简体   繁体   English

使用 python 抓取 Indeed web 时遇到 403 错误

[英]Facing 403 error while Indeed web scraping using python

I need to do the web scraping using request in 'https://in.indeed.com/'.我需要使用“https://in.indeed.com/”中的请求进行 web 抓取。 When I'm running the code it shows the 403 error当我运行代码时,它显示 403 错误

Can anyone tell me the solution..谁能告诉我解决方法。。
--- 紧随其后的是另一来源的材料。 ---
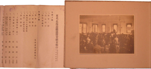 • 著者 写真17枚 新潟市萬代橋・総会会場・地域別参加者集合写真・鉄道側来賓・第二会場行形亭余興他 附総会式次第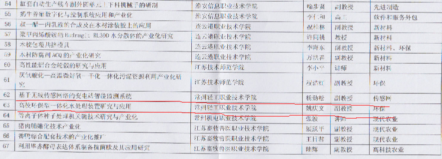 成果產(chǎn)業(yè)化推進項目的通知》,我院楊勁松副院長主持的《基于無線傳感網(wǎng)絡(luò)的變電站智能檢測系統(tǒng)》(傳感網(wǎng)類)和電子電氣工程系姚慶文副主任主持的《高效環(huán)保型一體化水處理裝置研究與應用》(環(huán)保類)兩項高校成果產(chǎn)業(yè)化推進項目獲得省教育廳科技立項。今年,在全院教師的共同努力下,我院共有18個科技項目獲得了省市科技立項,科研水平有了較大提高,這些科研項目與科研成果將對我院的專業(yè)建設(shè)和師資隊伍建設(shè)產(chǎn)生較大的引領(lǐng)與推進作用,為2011的評估提供強有力的支撐。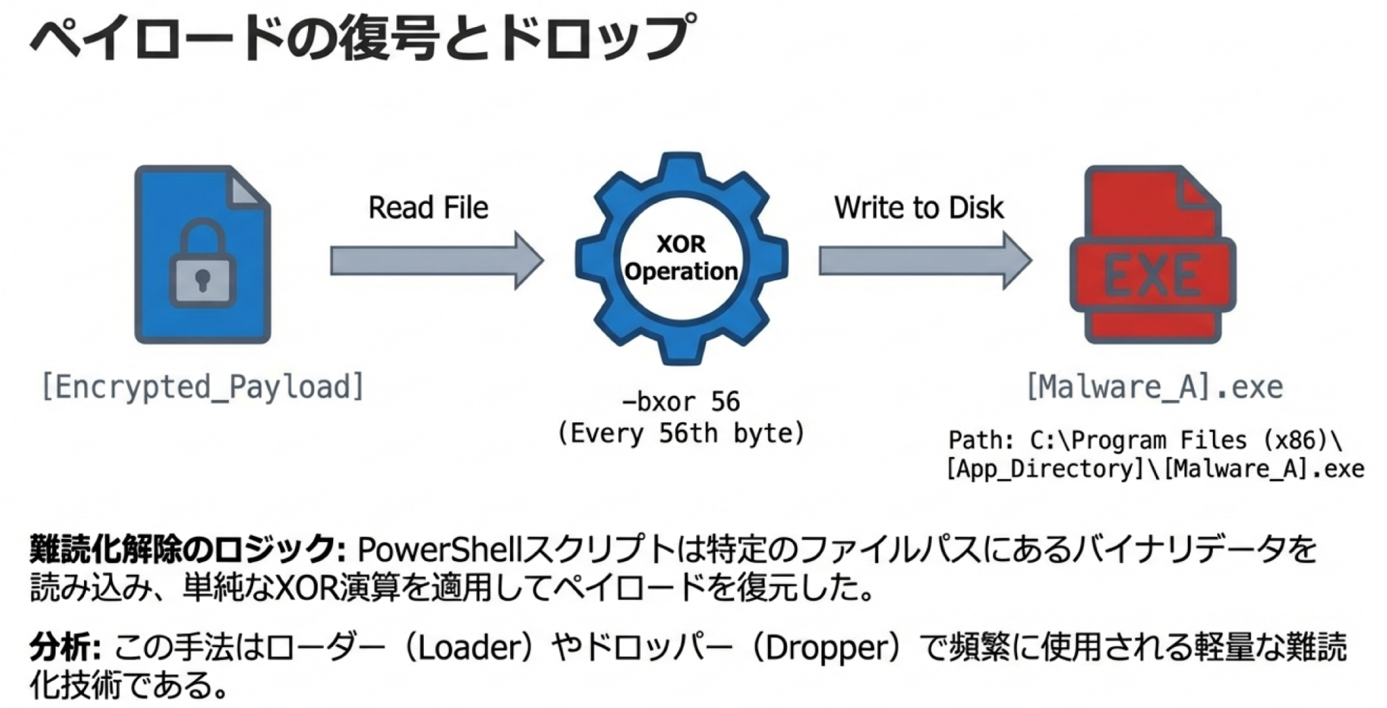 ここで使われた難読化技術を紹介します。攻撃者はpowershell.exeを悪用し、バイナリデータに対して56バイトごとにXOR演算(-bxor 56)を行うデコード処理を施して、ペイロードを復元しました。

url = "https://in.indeed.com"

hdr = {'User-Agent': 'Mozilla/5.0 (Windows NT 10.0; Win64; x64) 
AppleWebKit/537.36 (KHTML, like Gecko) Chrome/106.0.0.0 Safari/537.36'}

result = requests.get(url,headers = hdr)

print(result)

I have tried till this to check the status code of the website only it shows error到目前为止,我一直在尝试检查网站的状态代码,但它只显示错误

Note: Need to do the web scraping without using selenium注意:需要在不使用 selenium 的情况下进行 web 抓取

It appears that there are some headers missing in your request.您的请求中似乎缺少一些标头。 I also get a 403 when i do the request like that.当我那样做请求时,我也会得到 403。 However, a copied cURL request works:但是,复制的 cURL 请求有效:

Try the following:尝试以下操作:

  1. Open the website in Chrome (or Firefox)在 Chrome(或 Firefox)中打开网站
  2. Open the developers console打开开发者控制台
  3. Copy the request from the first GET (4. You can try out the cURL request in your console. It worked for me without any 403)从第一个 GET 复制请求(4。您可以在控制台中尝试 cURL 请求。它对我有用,没有任何 403)
  4. Set the headers similar to the cURL request in your code在您的代码中设置类似于 cURL 请求的标头

在此处输入图像描述

(However, i'm assuming the take some measures against web scraping. So you may run in further problems. I'm guessing that you also have to save the cookie or something like this.) (但是,我假设对 web 抓取采取了一些措施。所以你可能会遇到更多问题。我猜你还必须保存 cookie 或类似的东西。)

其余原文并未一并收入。